**Exercise brief:** Find the line that holds "2025/12/19の待ち時" in the material below. Output that line and each one after it exactly, but not the pictures.

**Dataset section:**
****************************************

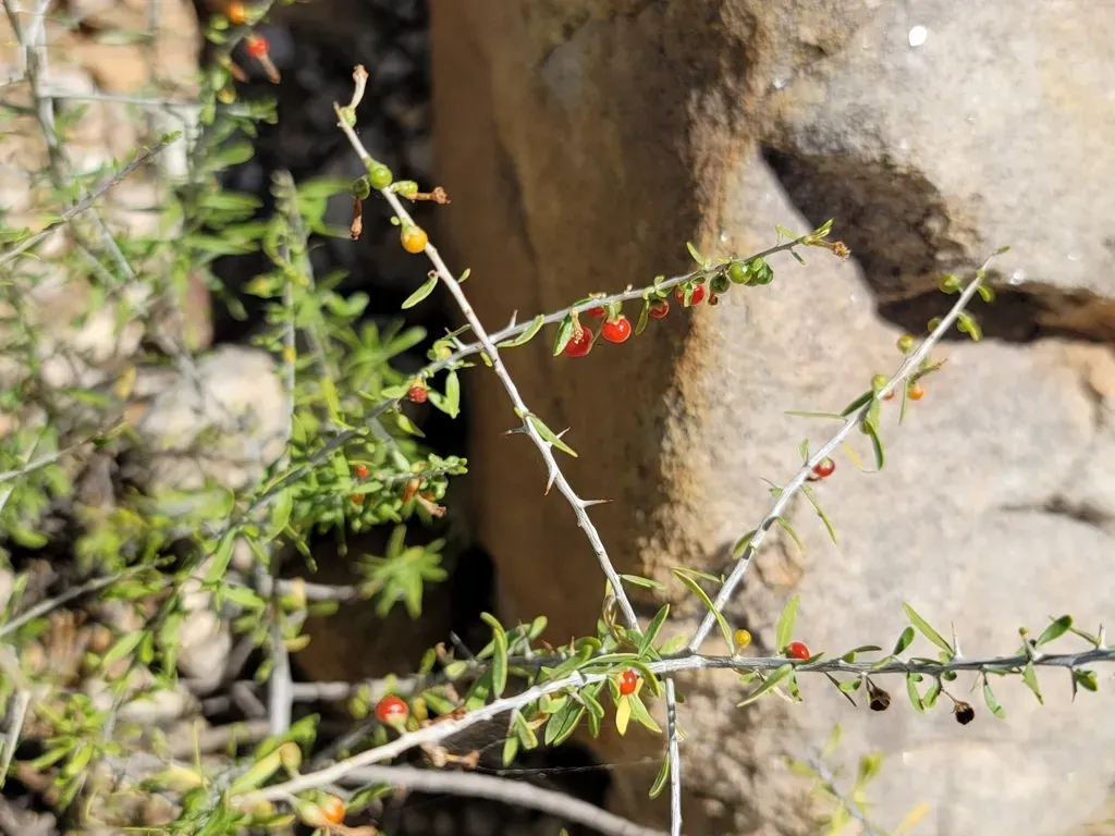 Lycium berlandieri is a spiny, deciduous shrub native to the southwestern United States and northern Mexico, typically growing up to 2 meters tall with thorny branches and red berries.
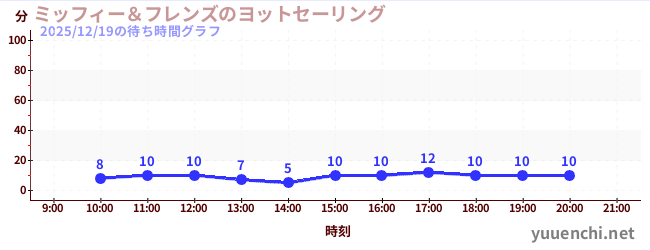 2025/12/19の待ち時間グラフ (ミッフィー&フレンズのヨットセーリング)
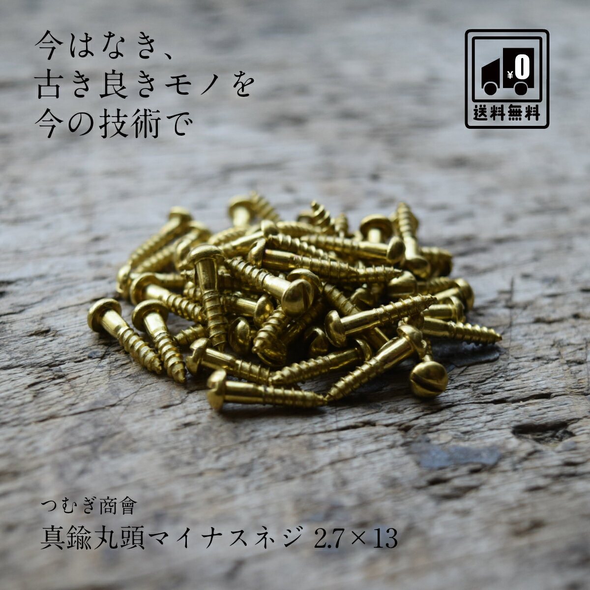 【送料無料】真鍮丸頭マイナスネジ 2.7×13(18本×3袋=54本入) / dカン ロック ビス アンティーク レトロ 昭和 デッドストック DIY インテリア 内装 リフォーム おしゃれ 建築金物 マイナスビス 日本製 古道具 小さい 内装 家具 フック オリジナル

****************************************

**Exercise solution:**
 2025/12/19の待ち時間グラフ (ミッフィー&フレンズのヨットセーリング)
 【送料無料】真鍮丸頭マイナスネジ 2.7×13(18本×3袋=54本入) / dカン ロック ビス アンティーク レトロ 昭和 デッドストック DIY インテリア 内装 リフォーム おしゃれ 建築金物 マイナスビス 日本製 古道具 小さい 内装 家具 フック オリジナル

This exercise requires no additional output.